### Requirement
Please copy the lines below, exactly as they are, from the one with "За ночь силы" through the one with "국세청은 폭탄업체 등", and leave out the pictures.

### Recorded information
____________
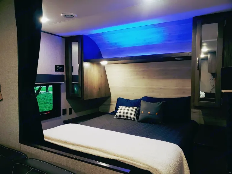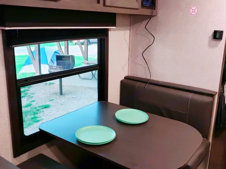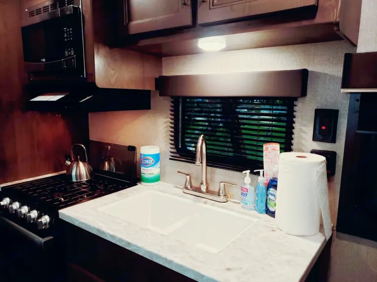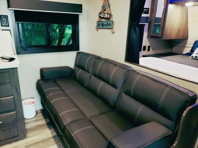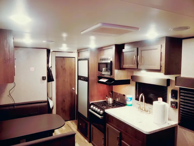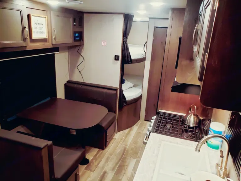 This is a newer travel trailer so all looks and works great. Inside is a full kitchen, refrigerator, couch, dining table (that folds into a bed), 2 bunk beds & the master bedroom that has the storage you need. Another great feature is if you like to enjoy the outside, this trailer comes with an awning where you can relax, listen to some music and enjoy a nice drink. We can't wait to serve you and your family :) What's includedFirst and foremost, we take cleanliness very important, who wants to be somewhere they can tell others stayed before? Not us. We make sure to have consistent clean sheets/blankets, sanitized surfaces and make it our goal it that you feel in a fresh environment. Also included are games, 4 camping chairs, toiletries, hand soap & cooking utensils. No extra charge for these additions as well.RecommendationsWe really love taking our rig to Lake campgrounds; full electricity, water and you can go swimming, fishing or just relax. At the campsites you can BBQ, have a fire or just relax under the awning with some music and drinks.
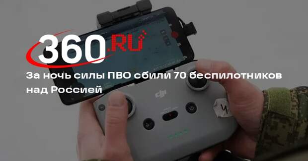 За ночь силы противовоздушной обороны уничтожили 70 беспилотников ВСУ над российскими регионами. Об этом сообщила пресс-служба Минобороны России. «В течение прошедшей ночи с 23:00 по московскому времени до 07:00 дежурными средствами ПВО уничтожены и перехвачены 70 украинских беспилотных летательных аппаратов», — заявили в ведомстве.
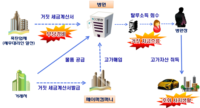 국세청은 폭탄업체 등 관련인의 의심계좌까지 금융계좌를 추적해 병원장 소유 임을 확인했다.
____________
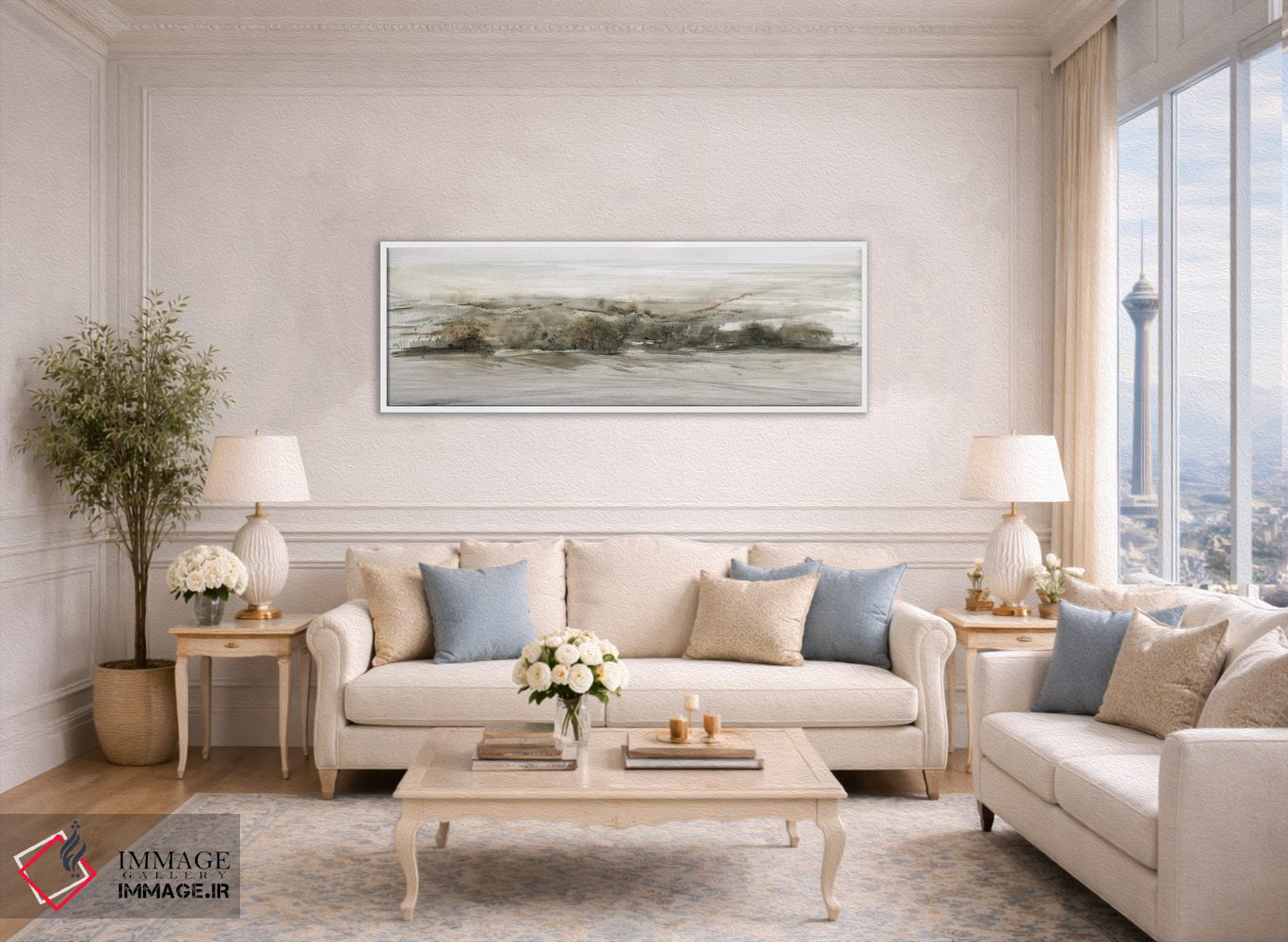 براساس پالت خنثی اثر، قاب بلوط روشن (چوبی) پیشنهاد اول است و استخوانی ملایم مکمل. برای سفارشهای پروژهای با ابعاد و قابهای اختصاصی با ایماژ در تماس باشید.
____________
### Exercise solution
 За ночь силы противовоздушной обороны уничтожили 70 беспилотников ВСУ над российскими регионами. Об этом сообщила пресс-служба Минобороны России. «В течение прошедшей ночи с 23:00 по московскому времени до 07:00 дежурными средствами ПВО уничтожены и перехвачены 70 украинских беспилотных летательных аппаратов», — заявили в ведомстве.
 국세청은 폭탄업체 등 관련인의 의심계좌까지 금융계좌를 추적해 병원장 소유 임을 확인했다.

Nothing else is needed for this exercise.